Hair appliances were everywhere at Cosmoprof and at the Belson booth there were different versions for all types of hair and consumers. The sexiest new items by Belson are under the new Brazilian Heat by Mega Hot brand. Each tool in the line, said Ileana Moya, director of marketing, is bright orange and stark white, and includes a blow-dryer with a dial to control air flow, and two flat irons, which heat up to 450 degrees in as little as 30 seconds.

Hair tool appliance company HAI Elite celebrated its 10th anniversary at Cosmoprof as husband-and-wife team, Connie and Richard Ouellette, showed off their latest line, HAI High Classic Pro. The line uses new technology to make its blow-dryer lighter for better handling. And, ceramic plates in styling irons use nanotechnology. Connie Ouellette said the company's 2007 sales were up in the double digits and that the privately owned firm expects 33 percent sales increases for 2008 based on the Classic Pro line and the firm taking sales international. The company generates approximately $15 million in sales, according to industry sources.

Profound Beauty, owned by Mana Products, has ditched its "personalized salon label" strategy and instead is focusing on its edgy, hip lines, such as Atmosphere, said Stefany Reed, senior vice president of sales. Also from Mana is a new skin line launching in October called Skintuitive, a unisex line targeting various skin needs.
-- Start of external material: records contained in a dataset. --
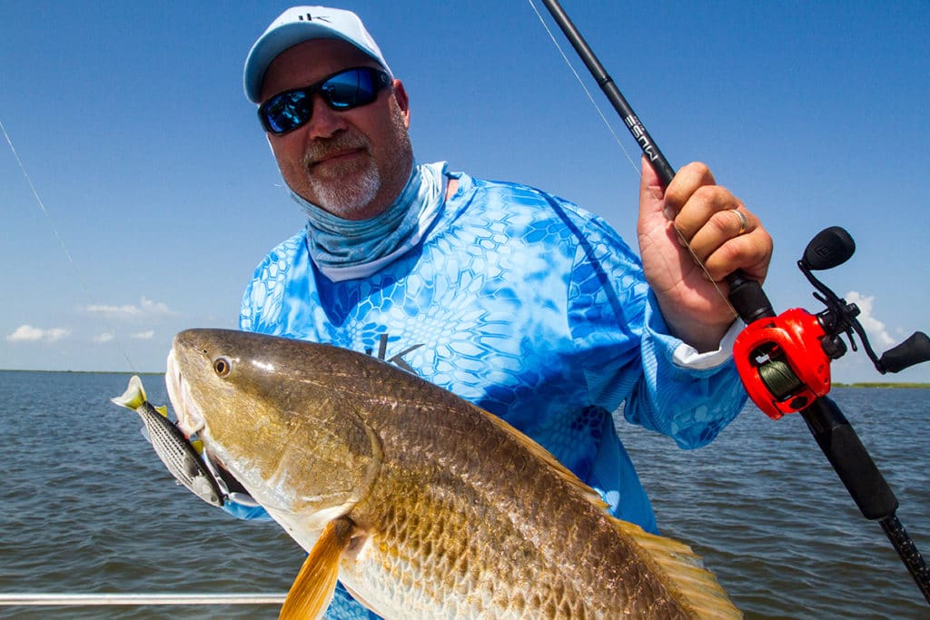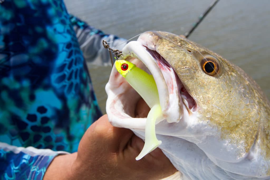 Anglers fish for redfish using lures, live bait and dead bait. This is a popular tournament species and a fun one to target by sight-casting. Reds often feed on crabs in marsh grasses, and their tails can be spotted waving above water. A precise cast can earn an instant hookup.
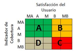 espacialmente con valores bajos y muy bajos del indicador de satisfacción del usuario, darán
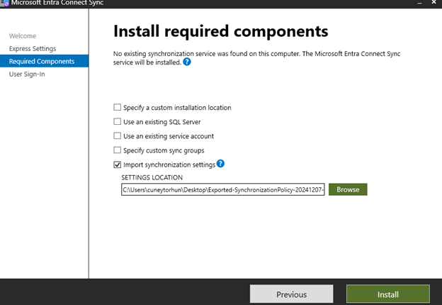 İhtiyacımız olan dosyaları ve configleri aldık. Şimdi yeni sunucumuza geçiyoruz ve Entra Connect’i kuruyoruz. Öncelikle aşağıdaki linkten Entra Connect’i indiriyoruz.
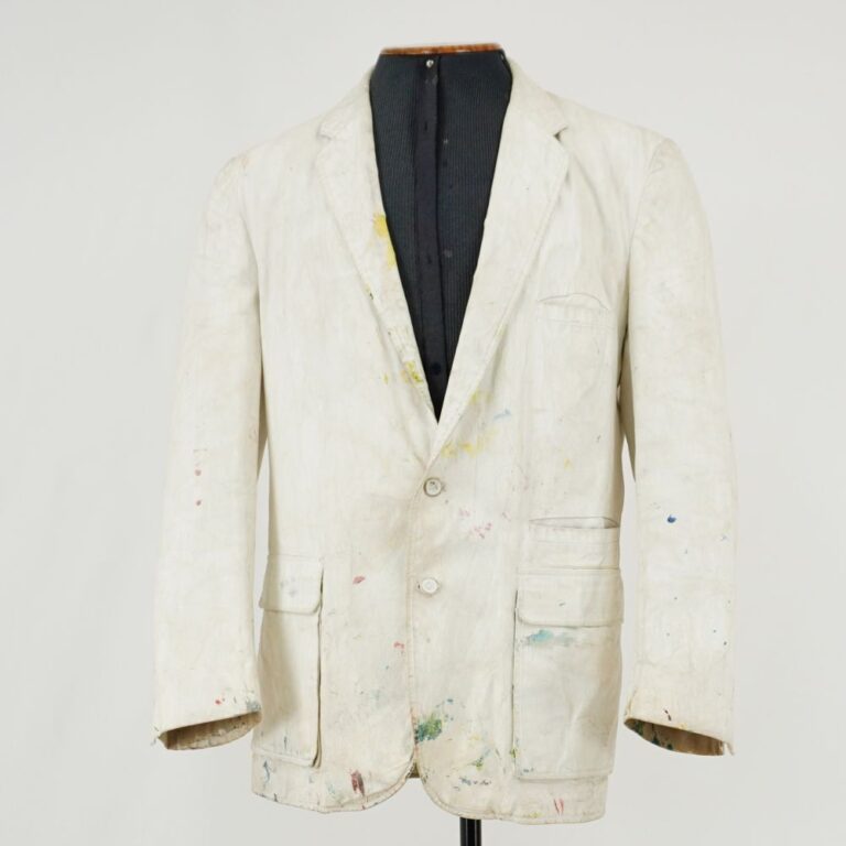 by Michelle Araujo Leia Mais...Blazer branco pintado com tinta branca e respingos de tinta colorida, fechamento em botões de plástico, com três bolsos frontais

OPI's Suzi Weiss-Fischmann, executive vice president and creative director, talked excitedly of the company's new concept salon in Los Angeles, ROB|B. The company, which industry sources estimate to generate $100 million in sales, was up in single digits for 2007 but double-digit increase are planned for 2008 due to international growth. "We are now a global company. India, China, Russia, Romania and Poland are huge markets for us," she said. Weiss-Fischmann said the economy will not affect her business as manicures and nail care provides "instant gratification." Its new color collection, France, which includes shades of purple, deep gray and crimson, will be available in August.